Une marque doit être «incarnée», c’est de plus en plus évident si vous regardez celles qui performent le plus. Aujourd’hui, malgré des compétences horlogères extraordinaires qui continuent d’ailleurs d’alimenter le reste du groupe Richemont, la marque est un peu sortie des radars par manque de leadership et de personnalité. Les clients ont besoin d’une connexion forte et émotionnelle avec une marque. Peut-être que la décision de séparer le management, aujourd’hui établi à Genève, de la manufacture historique du Sentier la pénalise, car il est difficile de gérer une marque de manière bicéphale. Elle garde un énorme potentiel, cela dit, allant de son expertise dans le serti neige à du storytelling plus technique: rappelez-vous la Master 1000 Hours des années 2000.

Le modèle Overseas Tourbillon Squelette de Vacheron Constantin
Le modèle Overseas Tourbillon Squelette de Vacheron Constantin

C’est votre cinquième rapport. Est-ce que vous faites des réévaluations régulières de vos méthodes de calculs? Et quelles sont les réactions dans l’industrie?

Nous n’hésitons pas à retraiter les chiffres. Le plus important au final, surtout dans les groupes, ce sont les résultats consolidés. Ce que l’on ne comprend pas toujours, c’est que nous ne faisons pas un «Top 50» de l’horlogerie. Nous évaluons les parts de marchés traduites en valeur de distribution. Cela ne sert à rien de comparer les chiffres d’affaires de deux marques aux stratégies de distribution très différentes.

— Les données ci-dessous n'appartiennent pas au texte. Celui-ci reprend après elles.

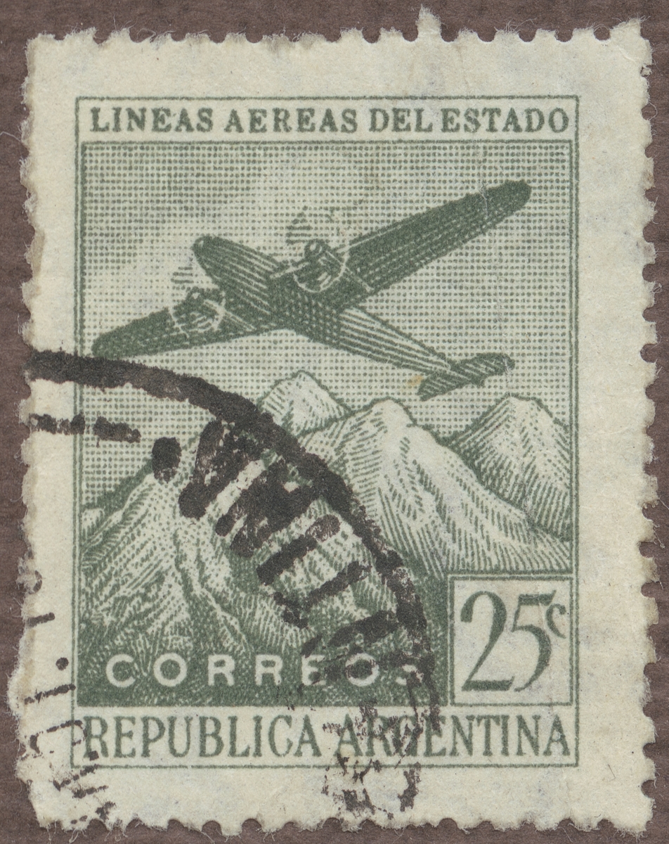 Frimärke från Argentina, 1946. Motiv av Tvåmotorigt monoplan över Anderna.

Après, au niveau de la participation ou réaction des acteurs de l’industrie, on voit des stratégies très différentes d’un groupe à l’autre: par exemple, LVMH est très transparent. De manière générale, si je cumulais tout ce que les CEO me disaient en réaction au rapport, l’industrie horlogère suisse doublerait de taille (rires). Globalement, le rapport Morgan Stanley est devenu une référence. La plupart du temps, ceux qui réagissent tiennent à être le plus justes possible précisément car nous faisons référence.